Records excerpted from a collection
'''

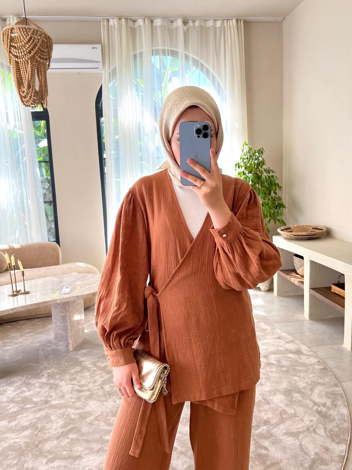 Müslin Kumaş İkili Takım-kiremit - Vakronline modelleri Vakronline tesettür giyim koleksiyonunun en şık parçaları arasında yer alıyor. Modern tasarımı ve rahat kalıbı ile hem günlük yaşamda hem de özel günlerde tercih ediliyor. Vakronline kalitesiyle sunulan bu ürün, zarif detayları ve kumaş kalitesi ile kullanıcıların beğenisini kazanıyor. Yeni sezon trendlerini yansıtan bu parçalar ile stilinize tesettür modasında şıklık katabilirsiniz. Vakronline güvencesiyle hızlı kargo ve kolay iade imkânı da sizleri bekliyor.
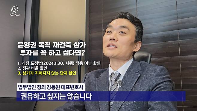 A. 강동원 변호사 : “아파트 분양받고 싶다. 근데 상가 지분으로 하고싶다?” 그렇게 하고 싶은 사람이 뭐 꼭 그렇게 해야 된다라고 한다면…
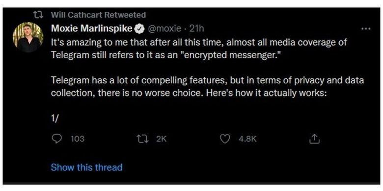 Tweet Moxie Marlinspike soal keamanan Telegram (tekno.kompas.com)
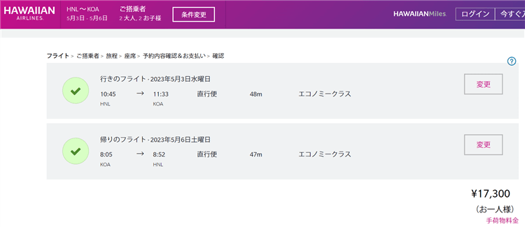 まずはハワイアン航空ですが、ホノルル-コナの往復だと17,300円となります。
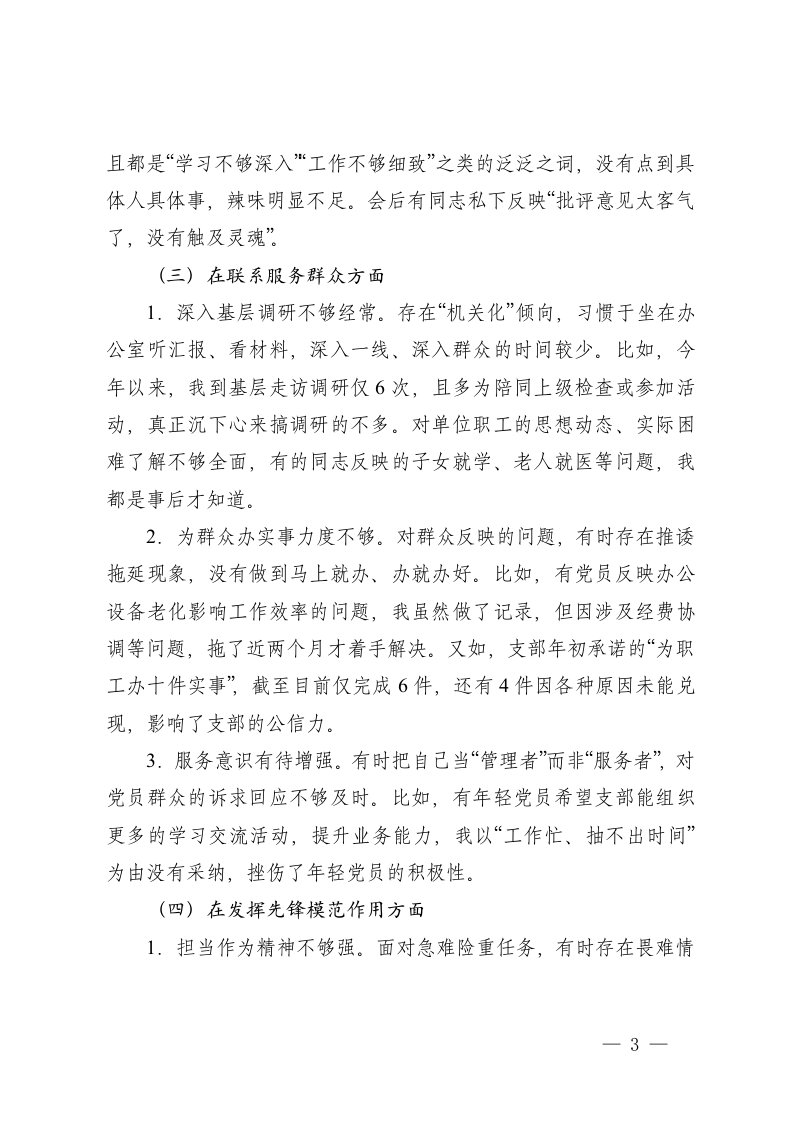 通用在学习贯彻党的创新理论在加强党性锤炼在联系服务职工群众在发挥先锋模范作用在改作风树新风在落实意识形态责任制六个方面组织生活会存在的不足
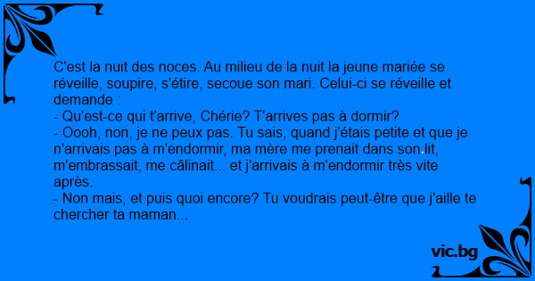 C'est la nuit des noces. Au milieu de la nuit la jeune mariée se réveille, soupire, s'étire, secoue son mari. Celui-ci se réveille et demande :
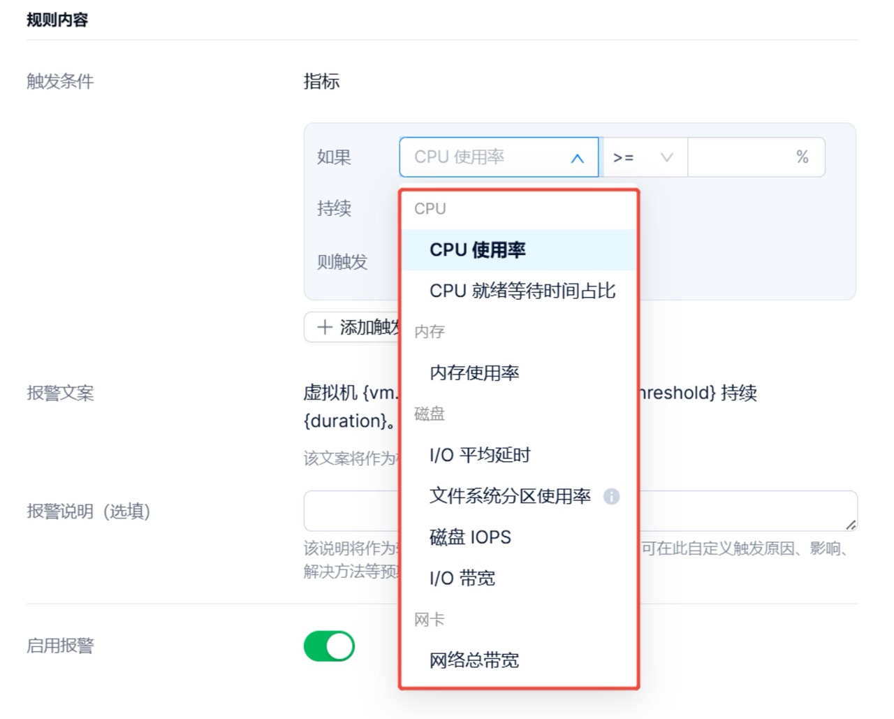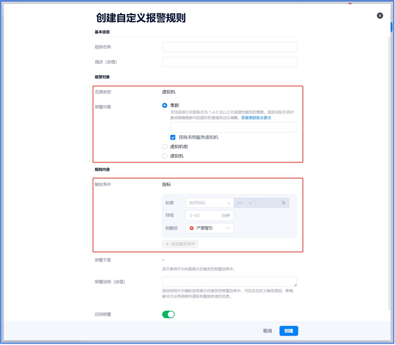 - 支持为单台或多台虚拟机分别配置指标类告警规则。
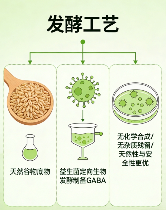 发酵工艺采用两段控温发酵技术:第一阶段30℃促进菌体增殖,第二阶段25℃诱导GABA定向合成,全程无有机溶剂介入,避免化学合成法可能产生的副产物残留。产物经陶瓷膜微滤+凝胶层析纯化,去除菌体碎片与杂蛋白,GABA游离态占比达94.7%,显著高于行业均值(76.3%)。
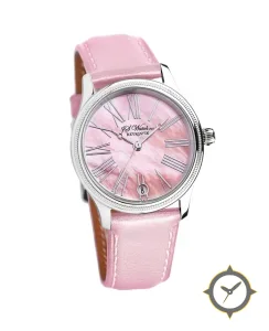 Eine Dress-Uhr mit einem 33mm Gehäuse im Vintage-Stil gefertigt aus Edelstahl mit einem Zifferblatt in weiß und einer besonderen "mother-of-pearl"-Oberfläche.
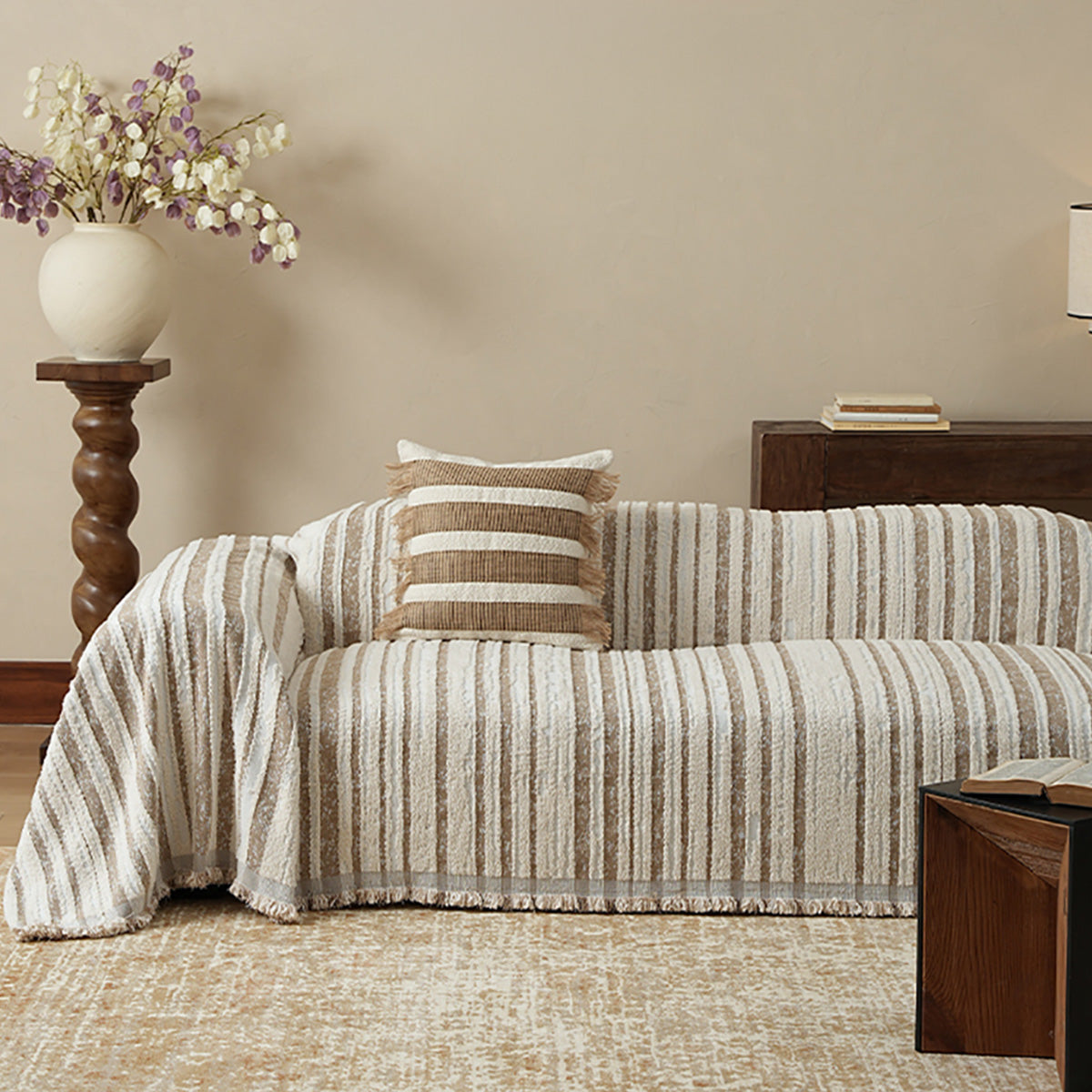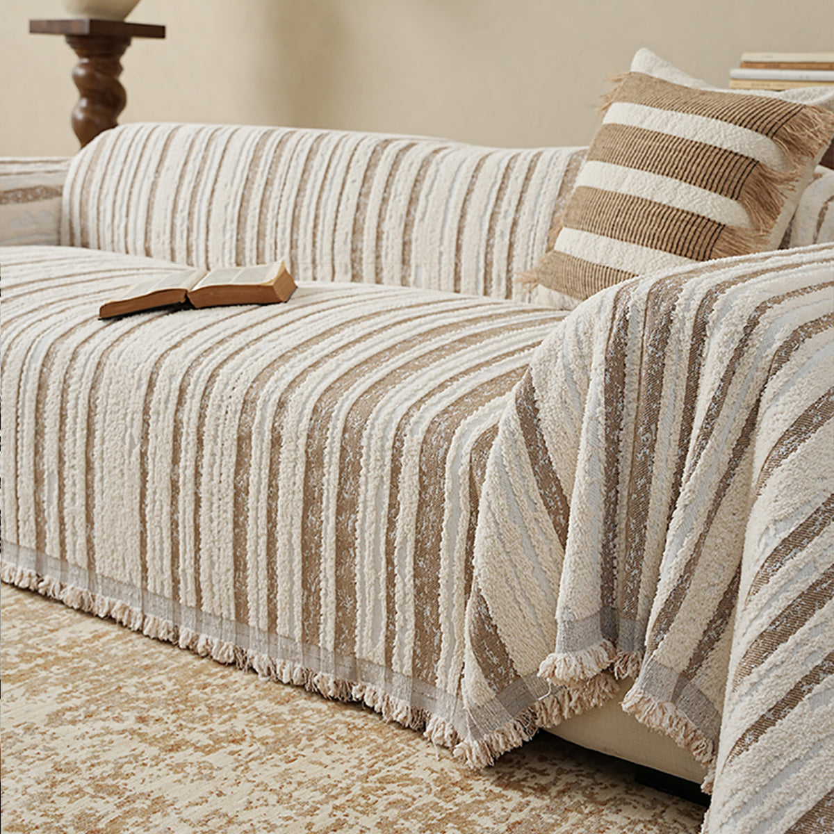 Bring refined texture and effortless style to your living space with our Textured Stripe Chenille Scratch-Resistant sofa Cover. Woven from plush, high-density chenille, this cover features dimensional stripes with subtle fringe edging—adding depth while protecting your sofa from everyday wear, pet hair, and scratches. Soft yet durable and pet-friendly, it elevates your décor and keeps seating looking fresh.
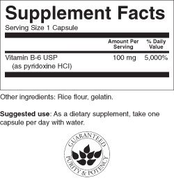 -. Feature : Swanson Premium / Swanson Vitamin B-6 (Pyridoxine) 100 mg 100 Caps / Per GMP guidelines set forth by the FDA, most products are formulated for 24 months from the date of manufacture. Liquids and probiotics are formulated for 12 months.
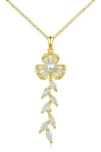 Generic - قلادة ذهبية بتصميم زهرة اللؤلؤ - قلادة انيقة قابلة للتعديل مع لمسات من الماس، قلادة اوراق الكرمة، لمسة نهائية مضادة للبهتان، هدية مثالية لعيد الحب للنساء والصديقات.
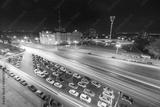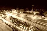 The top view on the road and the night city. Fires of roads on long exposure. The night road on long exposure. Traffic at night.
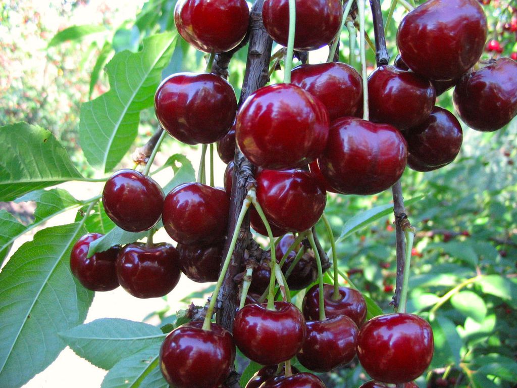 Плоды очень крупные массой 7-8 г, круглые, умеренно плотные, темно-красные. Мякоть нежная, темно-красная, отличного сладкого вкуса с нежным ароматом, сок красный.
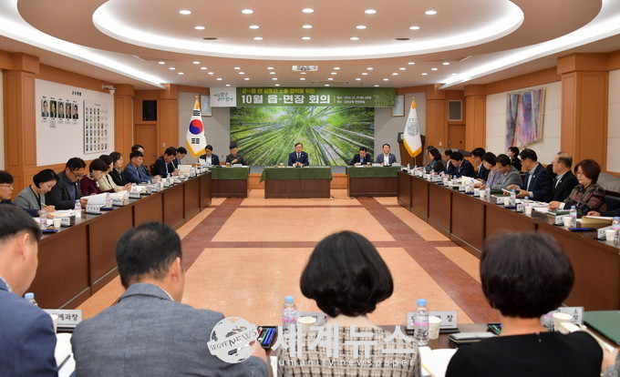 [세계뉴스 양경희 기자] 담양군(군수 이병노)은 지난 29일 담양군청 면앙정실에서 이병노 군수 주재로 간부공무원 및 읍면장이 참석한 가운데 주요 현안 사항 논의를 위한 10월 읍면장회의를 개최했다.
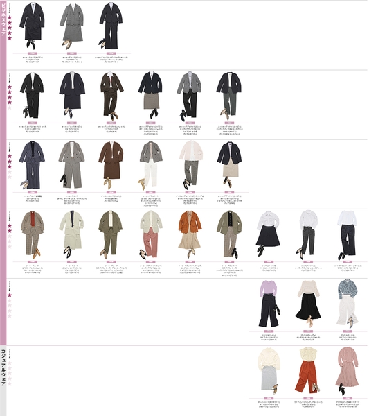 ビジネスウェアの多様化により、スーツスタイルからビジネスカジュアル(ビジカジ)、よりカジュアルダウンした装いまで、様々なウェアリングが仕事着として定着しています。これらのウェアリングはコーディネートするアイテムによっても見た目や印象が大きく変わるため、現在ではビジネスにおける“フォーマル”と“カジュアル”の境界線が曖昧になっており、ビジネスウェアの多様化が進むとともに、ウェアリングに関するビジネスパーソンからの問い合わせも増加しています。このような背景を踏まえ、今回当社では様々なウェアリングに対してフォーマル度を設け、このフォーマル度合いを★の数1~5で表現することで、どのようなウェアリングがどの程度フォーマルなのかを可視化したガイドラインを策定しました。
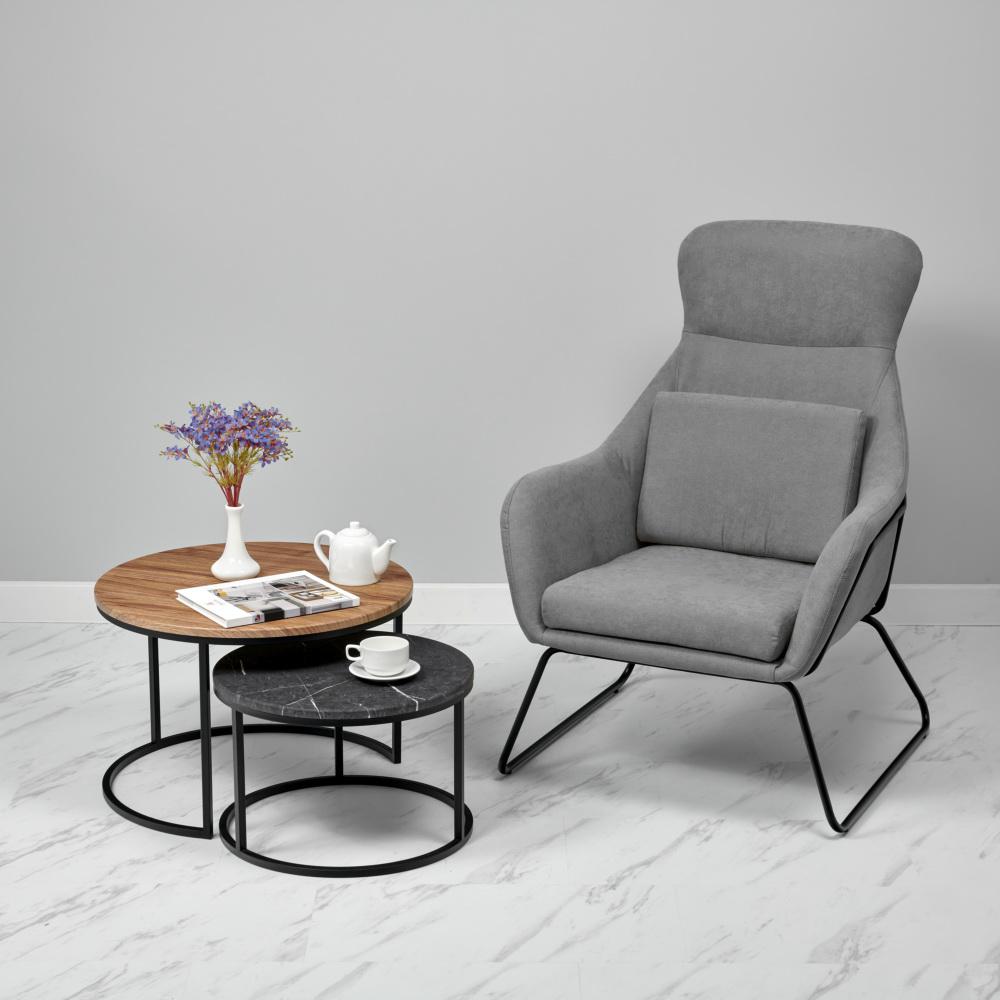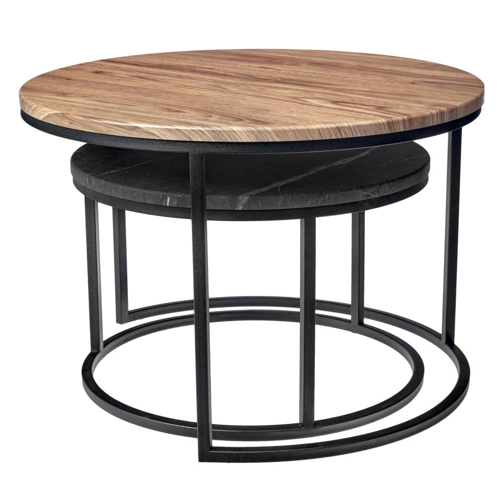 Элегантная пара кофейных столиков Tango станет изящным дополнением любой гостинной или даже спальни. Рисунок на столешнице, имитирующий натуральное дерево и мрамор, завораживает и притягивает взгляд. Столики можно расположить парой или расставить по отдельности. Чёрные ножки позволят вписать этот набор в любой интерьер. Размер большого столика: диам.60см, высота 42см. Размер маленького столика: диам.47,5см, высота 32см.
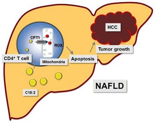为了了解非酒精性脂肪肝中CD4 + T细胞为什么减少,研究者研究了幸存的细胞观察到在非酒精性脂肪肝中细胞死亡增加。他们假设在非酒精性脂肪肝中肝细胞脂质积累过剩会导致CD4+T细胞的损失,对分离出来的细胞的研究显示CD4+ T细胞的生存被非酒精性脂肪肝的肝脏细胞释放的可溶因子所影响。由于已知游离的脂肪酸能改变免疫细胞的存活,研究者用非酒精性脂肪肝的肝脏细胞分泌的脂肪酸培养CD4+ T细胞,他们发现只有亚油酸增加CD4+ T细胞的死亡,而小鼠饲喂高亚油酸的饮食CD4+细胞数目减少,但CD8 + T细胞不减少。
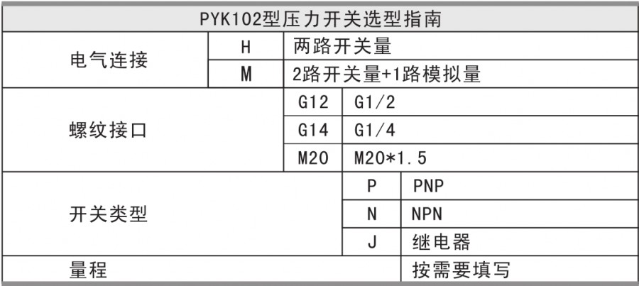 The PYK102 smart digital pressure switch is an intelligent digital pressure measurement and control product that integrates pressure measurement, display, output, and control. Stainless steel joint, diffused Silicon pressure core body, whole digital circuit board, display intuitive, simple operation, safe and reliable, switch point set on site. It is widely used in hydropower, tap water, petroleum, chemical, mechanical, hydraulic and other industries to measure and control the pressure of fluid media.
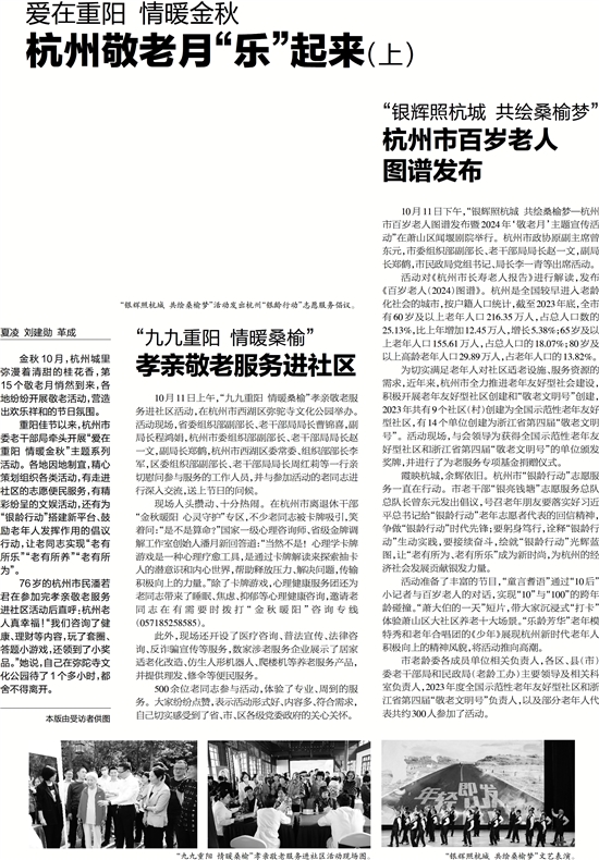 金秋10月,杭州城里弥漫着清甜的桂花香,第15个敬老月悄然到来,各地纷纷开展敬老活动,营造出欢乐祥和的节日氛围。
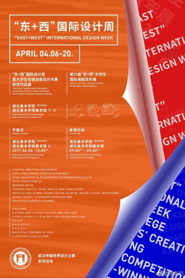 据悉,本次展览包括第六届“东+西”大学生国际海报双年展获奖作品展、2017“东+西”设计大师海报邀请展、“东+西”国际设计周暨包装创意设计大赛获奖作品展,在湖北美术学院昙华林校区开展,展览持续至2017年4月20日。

'''

PROBLEM TO SOLVE
Taking the entries above, copy word for word the lines from the one with "Tweet Moxie Marlinspike" up to and including the one with "通用在学习贯彻党的创新理论在", without any picture.

SOLUTION BELOW
 Tweet Moxie Marlinspike soal keamanan Telegram (tekno.kompas.com)
 まずはハワイアン航空ですが、ホノルル-コナの往復だと17,300円となります。
 通用在学习贯彻党的创新理论在加强党性锤炼在联系服务职工群众在发挥先锋模范作用在改作风树新风在落实意识形态责任制六个方面组织生活会存在的不足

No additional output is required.